-------- Exercise data --------
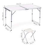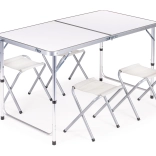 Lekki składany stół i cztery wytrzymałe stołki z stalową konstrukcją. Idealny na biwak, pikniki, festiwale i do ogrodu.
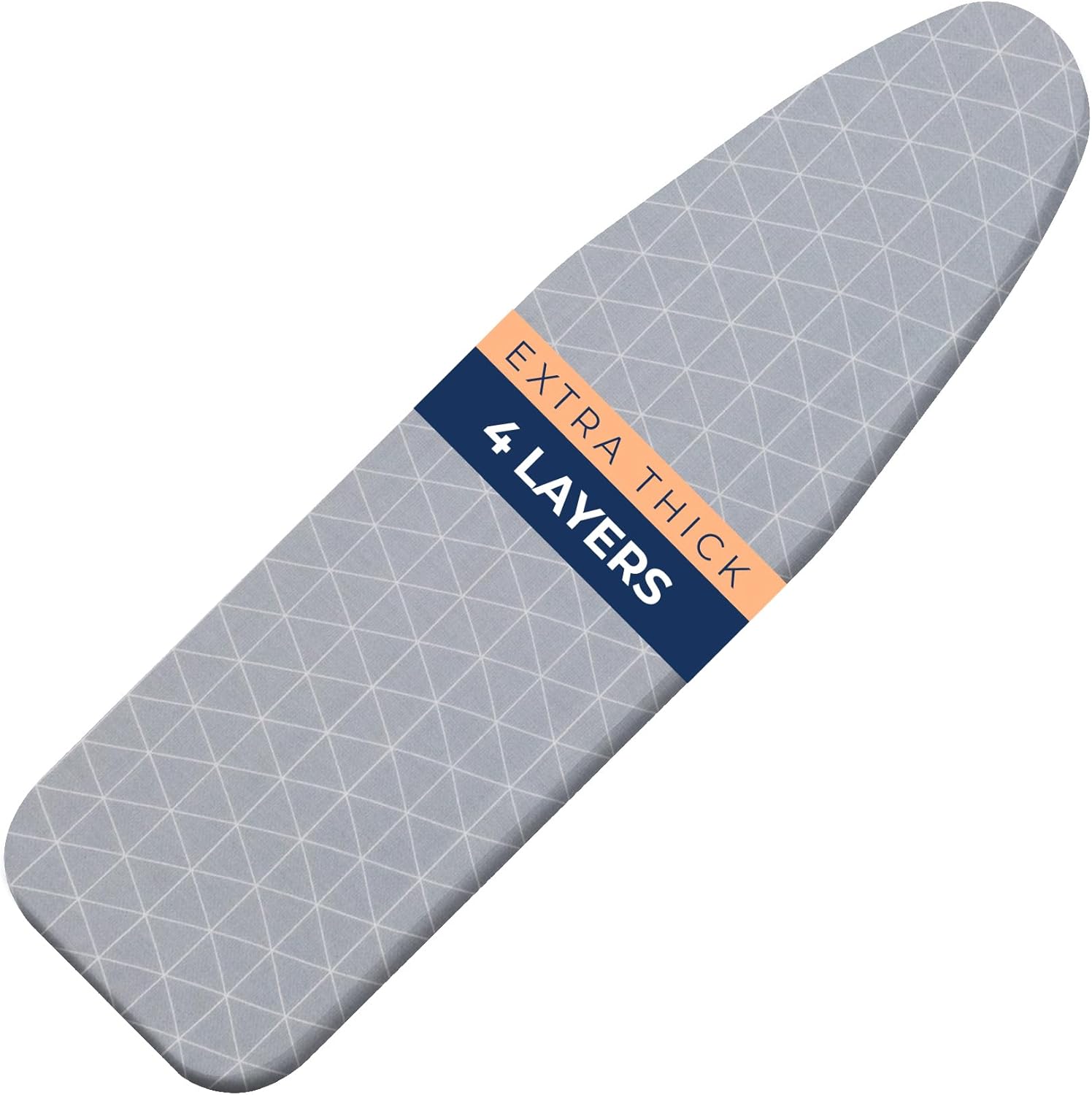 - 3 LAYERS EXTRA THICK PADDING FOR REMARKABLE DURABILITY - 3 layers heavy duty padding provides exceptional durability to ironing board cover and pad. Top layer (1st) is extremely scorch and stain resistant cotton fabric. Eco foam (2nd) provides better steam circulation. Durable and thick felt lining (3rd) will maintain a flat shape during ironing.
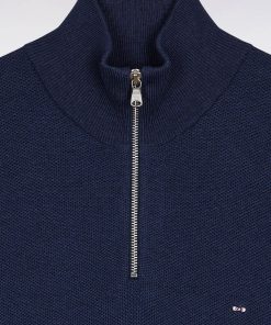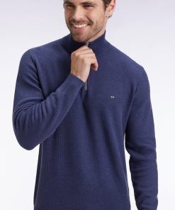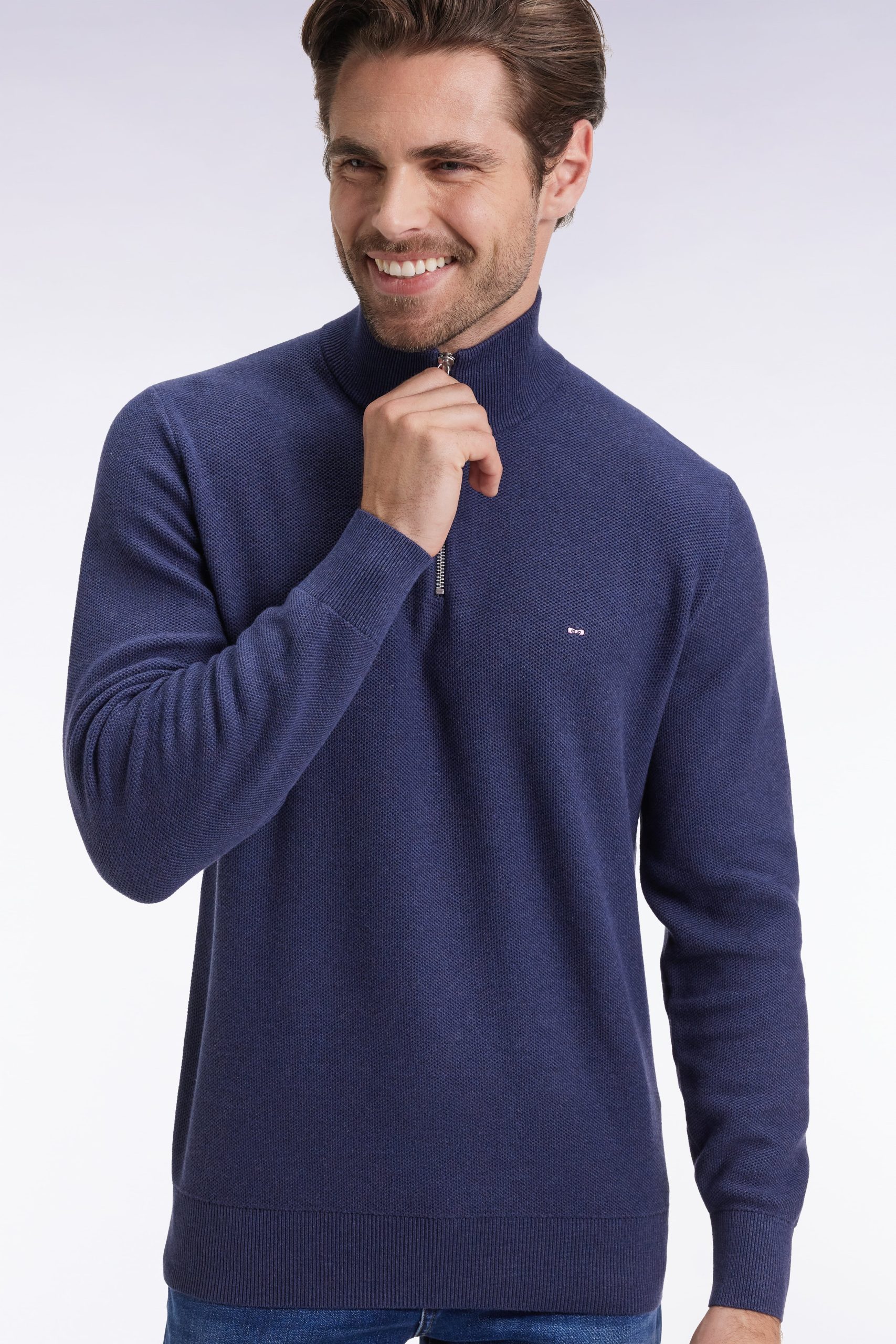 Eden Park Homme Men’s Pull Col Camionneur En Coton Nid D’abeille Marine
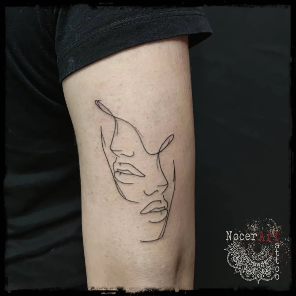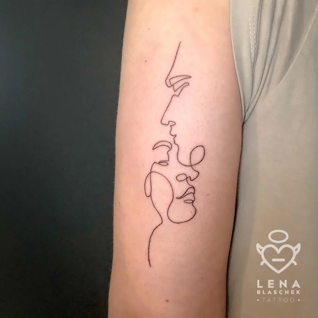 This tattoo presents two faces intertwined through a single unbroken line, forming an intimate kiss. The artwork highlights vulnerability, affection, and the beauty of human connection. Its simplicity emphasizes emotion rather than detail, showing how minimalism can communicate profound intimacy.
--------
• What to do: Leaving the images out, retype all the material above exactly.

• Task result:
 Lekki składany stół i cztery wytrzymałe stołki z stalową konstrukcją. Idealny na biwak, pikniki, festiwale i do ogrodu.
 - 3 LAYERS EXTRA THICK PADDING FOR REMARKABLE DURABILITY - 3 layers heavy duty padding provides exceptional durability to ironing board cover and pad. Top layer (1st) is extremely scorch and stain resistant cotton fabric. Eco foam (2nd) provides better steam circulation. Durable and thick felt lining (3rd) will maintain a flat shape during ironing.
 Eden Park Homme Men’s Pull Col Camionneur En Coton Nid D’abeille Marine
 This tattoo presents two faces intertwined through a single unbroken line, forming an intimate kiss. The artwork highlights vulnerability, affection, and the beauty of human connection. Its simplicity emphasizes emotion rather than detail, showing how minimalism can communicate profound intimacy.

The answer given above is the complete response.